Мировая революция. Воспоминания - [60]
Среди чехов и словаков поговаривали, что в начале года в Америку прибыл граф Кароли, чтобы добиться у американского правительства признания целостности Венгрии; по слухам, он желал свободы чехам, но словаки должны были остаться в пределах Венгрии. Полковник Гауз уведомил об этом чехов, и они договорились со словаками о едином чехословацком государстве.
Рассудительнейшие вожди словаков понимали, что территориальная автономия не принесла бы ничего хорошего словакам; им было ясно, что самостоятельное освободительное движение словаков должно было бы кончиться фиаско. Все это основательно и широко разобрали на собрании. Я мог указать словакам, насколько они неизвестны в политическом мире и какого бы фиаско мы дождались, выступая самостоятельно. О самостоятельной Словакии вообще нельзя было серьезно говорить; было бы еще можно стать ей автономной в пределах Венгрии, но при данном положении и это оказывалось невозможным, и, таким образом, не оставалось ничего, кроме соединения. Все малые народы требовали во время войны свободы и единения. Словаки и чехи знали, что я сам был всегда за Словакию; своим происхождением и традициями я словак, чувствую как словак и всегда не только ратовал, но и работал для Словакии.

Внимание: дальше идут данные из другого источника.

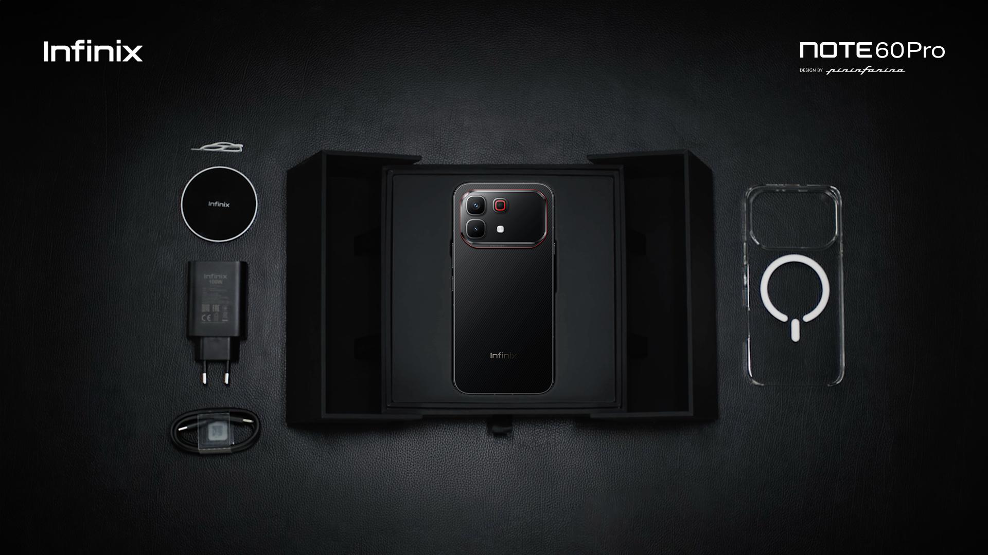 NOTE 60 Ultra juga hadir dalam kemasan Ultra Exclusive Box, yang melengkapi pengalaman premium sejak pertama kali dibuka. Dalam paket ini, pengguna tidak hanya mendapatkan perangkat, tetapi juga berbagai aksesoris pendukung seperti charger, charging cable, phone case, customized SIM ejector pin, wireless charging pad, serta car-shaped wireless charging stand base.
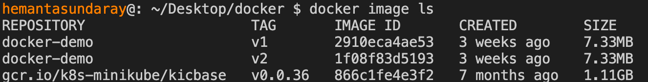 You should see docker-demo:v2 listed in the result.
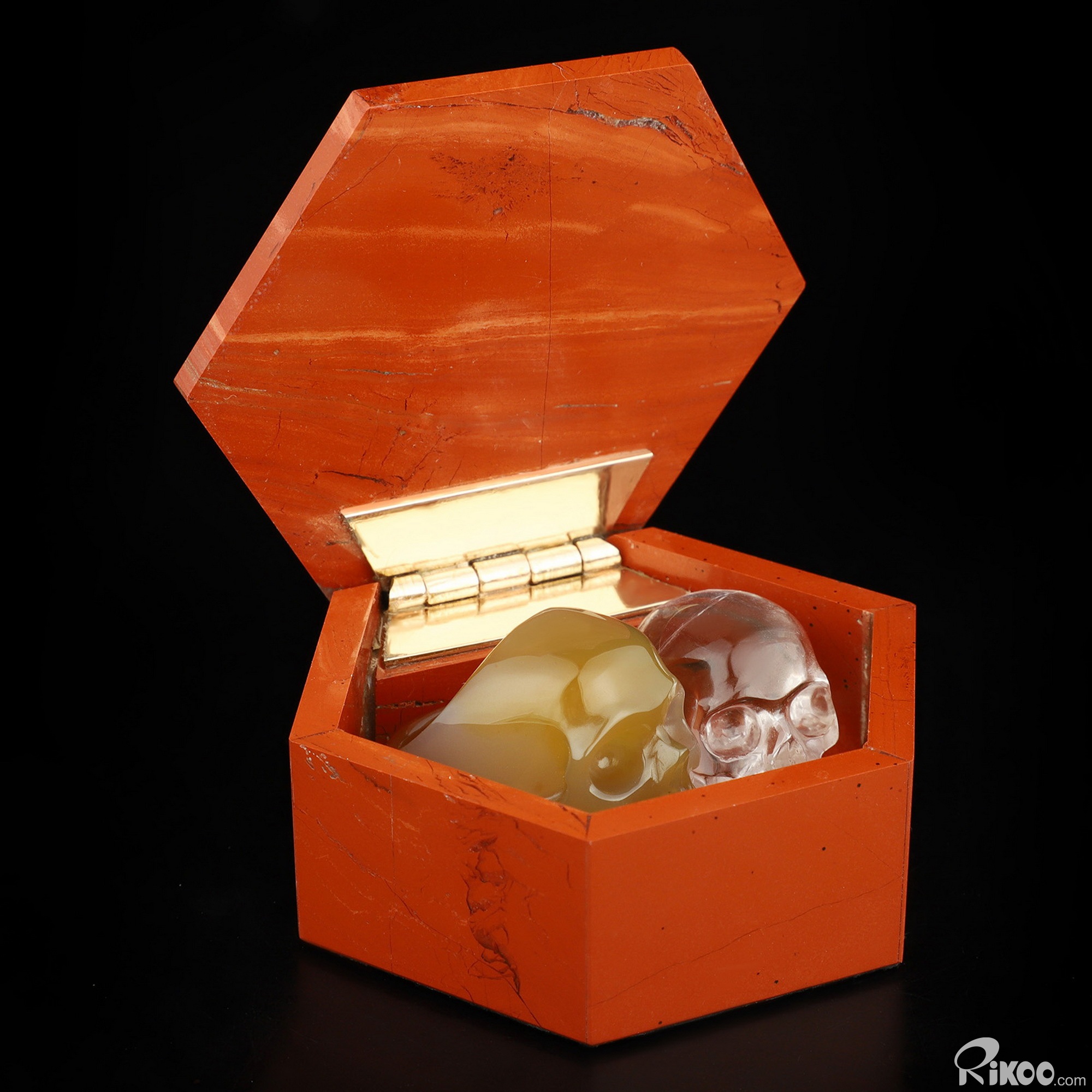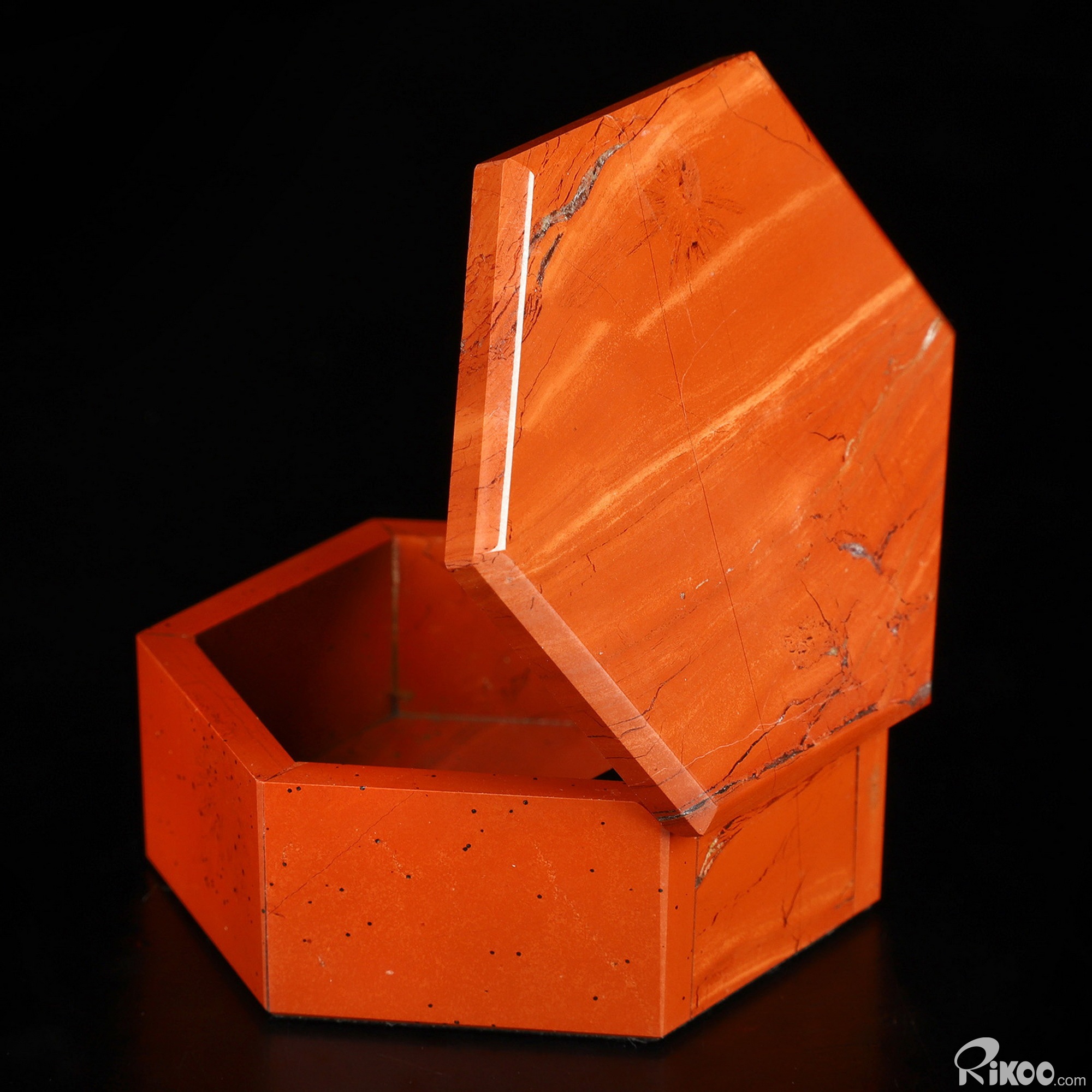 2.8" Red Jasper Hand Carved Crystal Jewelry Gemstone Box, Crystal Healing

В Чехии к Словакии была всегда живая симпатия. Чехи – Гавличек! – признавали национальную самобытность словаков и мораван. Я знаю Словакию и людей в Словакии довольно хорошо; я был в сношении со старшим и с младшим поколениями, с обоими я работал над возрождением Словакии. Я хорошо знаю, как и русофил Ваянский, когда дело шло всерьез, был за единение, совсем так, как и его отец, а ранее еще Колар и др. Но знаю я и то, как многие словаки в своем национальном и политическом унижении утешали себя фантазиями взамен деятельности и труда. Когда некоторые русские – в том числе и Ламанский – полюбили словаков за их национальную самобытность, то им этого было вполне достаточно, но против мадьярского напора это для них была слабая защита.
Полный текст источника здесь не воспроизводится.